→ DATASET:
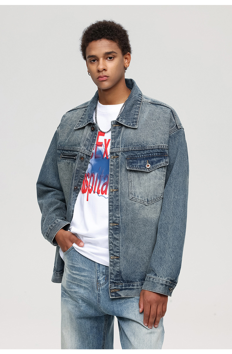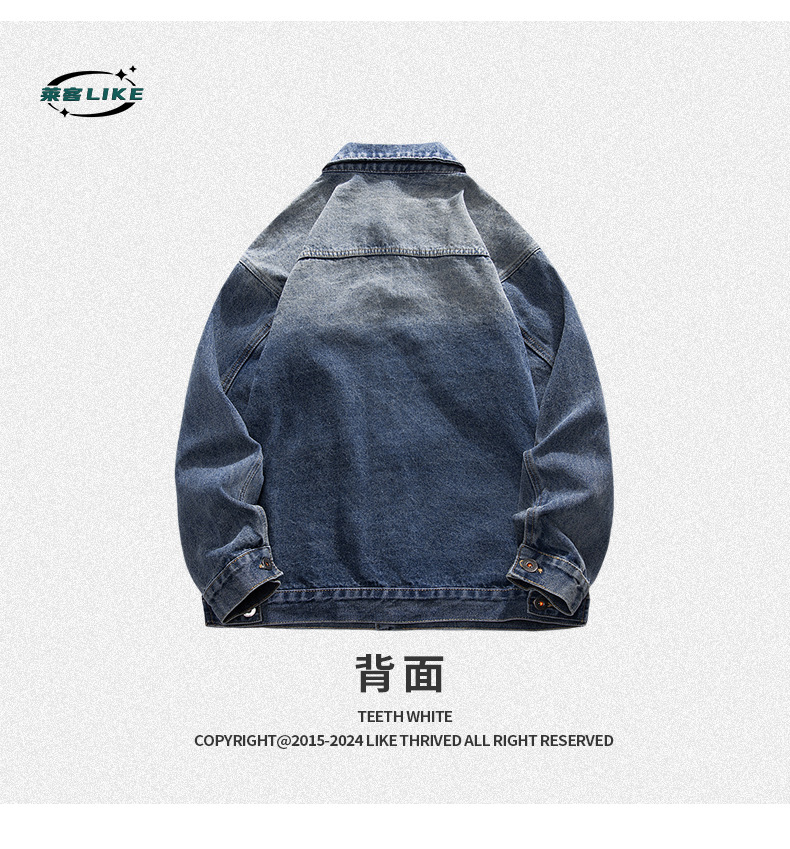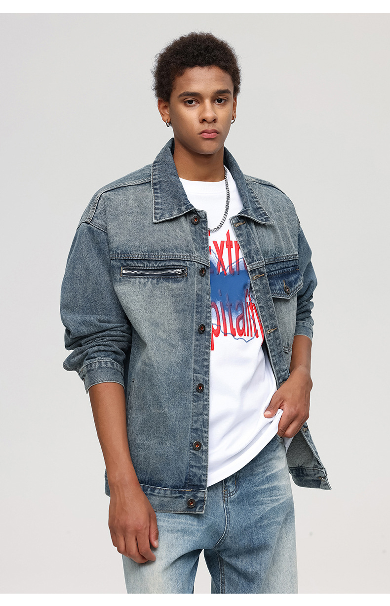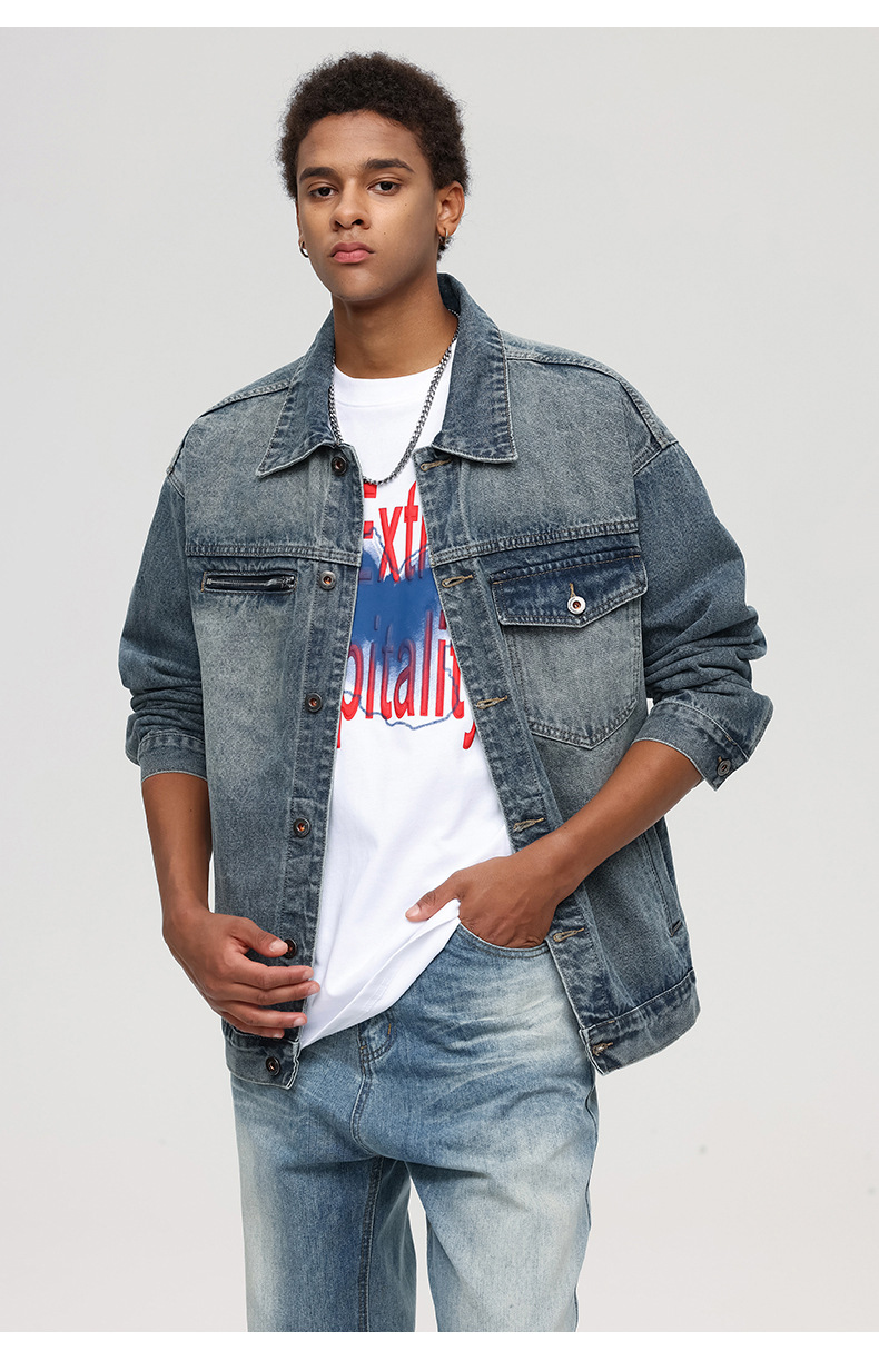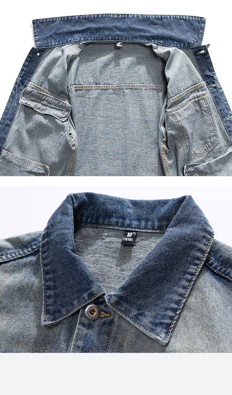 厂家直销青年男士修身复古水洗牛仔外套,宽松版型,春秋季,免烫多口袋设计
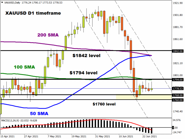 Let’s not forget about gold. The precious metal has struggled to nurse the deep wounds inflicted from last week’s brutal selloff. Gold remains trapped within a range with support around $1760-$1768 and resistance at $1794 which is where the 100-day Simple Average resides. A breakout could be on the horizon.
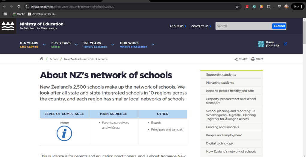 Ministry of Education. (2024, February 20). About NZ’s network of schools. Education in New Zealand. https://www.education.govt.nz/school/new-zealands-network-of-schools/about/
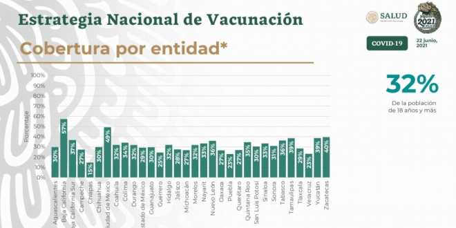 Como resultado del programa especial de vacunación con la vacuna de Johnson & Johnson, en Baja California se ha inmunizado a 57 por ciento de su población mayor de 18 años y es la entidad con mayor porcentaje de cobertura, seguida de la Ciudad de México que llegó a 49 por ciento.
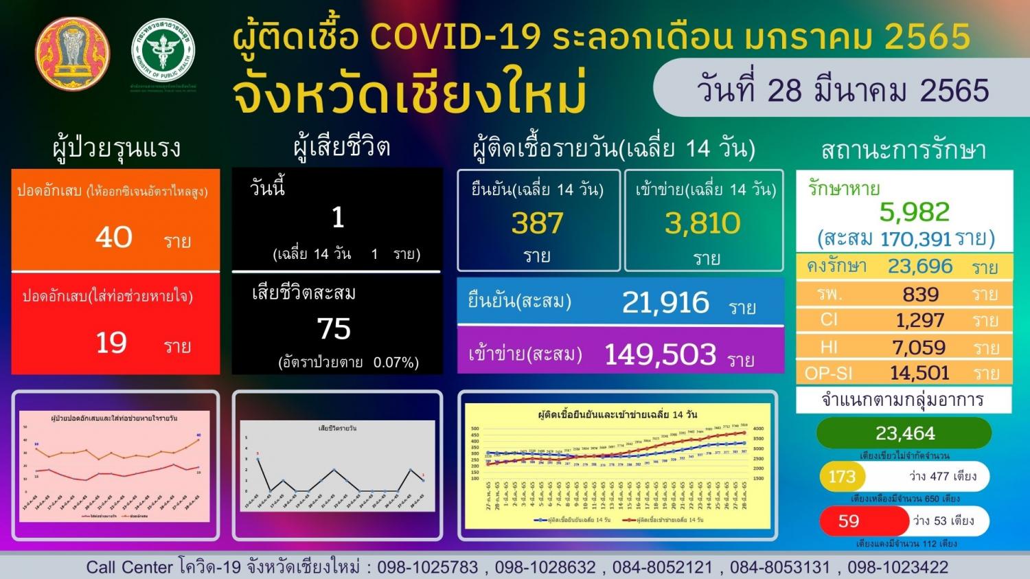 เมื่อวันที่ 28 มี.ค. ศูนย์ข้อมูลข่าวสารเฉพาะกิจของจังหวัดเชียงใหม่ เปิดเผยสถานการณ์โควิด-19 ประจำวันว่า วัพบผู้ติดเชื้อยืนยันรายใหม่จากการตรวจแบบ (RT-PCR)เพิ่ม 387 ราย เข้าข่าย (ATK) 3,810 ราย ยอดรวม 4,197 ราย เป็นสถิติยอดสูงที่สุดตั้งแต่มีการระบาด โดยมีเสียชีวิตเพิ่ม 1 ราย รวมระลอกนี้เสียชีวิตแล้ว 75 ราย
==
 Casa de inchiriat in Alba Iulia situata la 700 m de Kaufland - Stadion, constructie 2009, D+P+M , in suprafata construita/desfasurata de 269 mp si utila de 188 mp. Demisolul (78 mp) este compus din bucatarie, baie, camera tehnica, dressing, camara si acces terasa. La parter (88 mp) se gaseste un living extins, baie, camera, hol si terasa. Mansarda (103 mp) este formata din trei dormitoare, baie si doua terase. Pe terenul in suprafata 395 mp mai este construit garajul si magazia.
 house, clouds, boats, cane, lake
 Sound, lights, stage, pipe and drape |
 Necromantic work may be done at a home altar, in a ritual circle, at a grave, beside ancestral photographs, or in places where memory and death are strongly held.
...
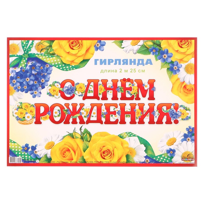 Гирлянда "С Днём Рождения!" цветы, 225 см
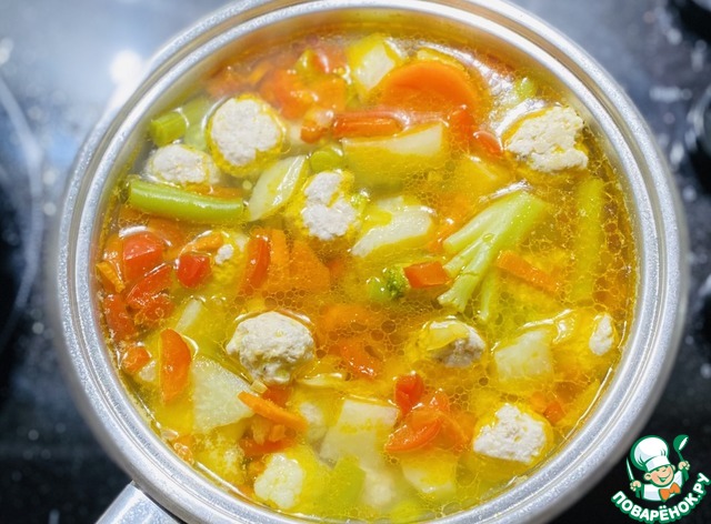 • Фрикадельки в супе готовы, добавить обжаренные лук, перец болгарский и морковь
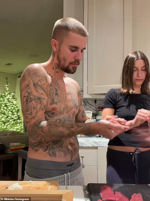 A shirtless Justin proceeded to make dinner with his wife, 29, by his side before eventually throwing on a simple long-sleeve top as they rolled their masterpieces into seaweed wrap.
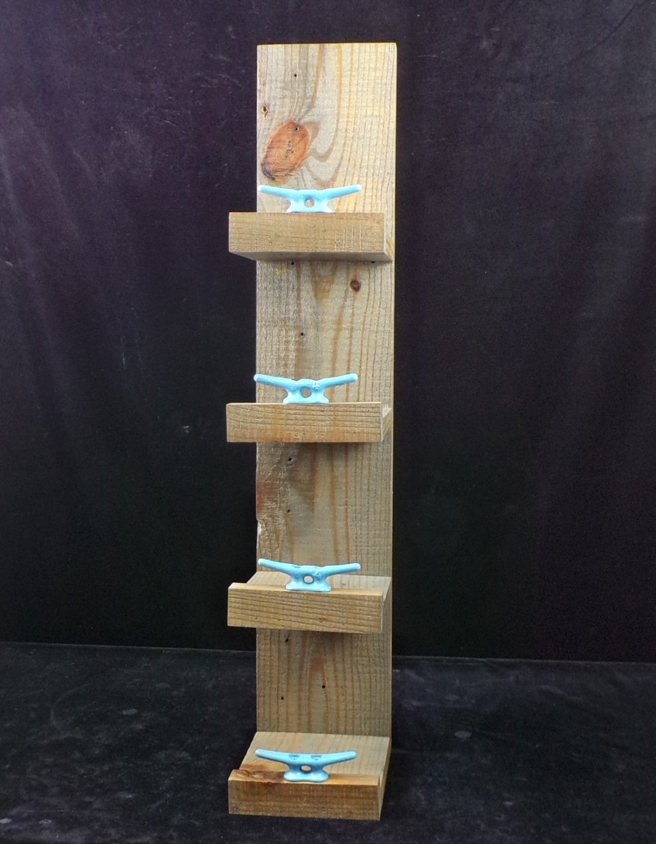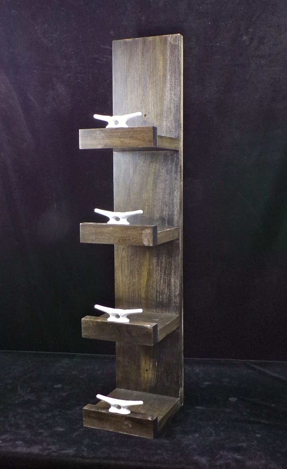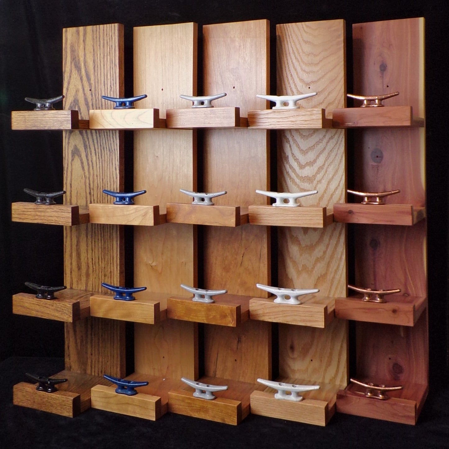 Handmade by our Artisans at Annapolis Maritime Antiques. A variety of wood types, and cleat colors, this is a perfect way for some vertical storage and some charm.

→ HOW TO COMPLETE THIS TASK: Above are entries with pictures among them. Write out exactly the lines from the one containing "болгарский и морковь" through the one containing "A shirtless Justin", ends included, and leave those pictures out.

→ ANSWER BOX:
 • Фрикадельки в супе готовы, добавить обжаренные лук, перец болгарский и морковь
 A shirtless Justin proceeded to make dinner with his wife, 29, by his side before eventually throwing on a simple long-sleeve top as they rolled their masterpieces into seaweed wrap.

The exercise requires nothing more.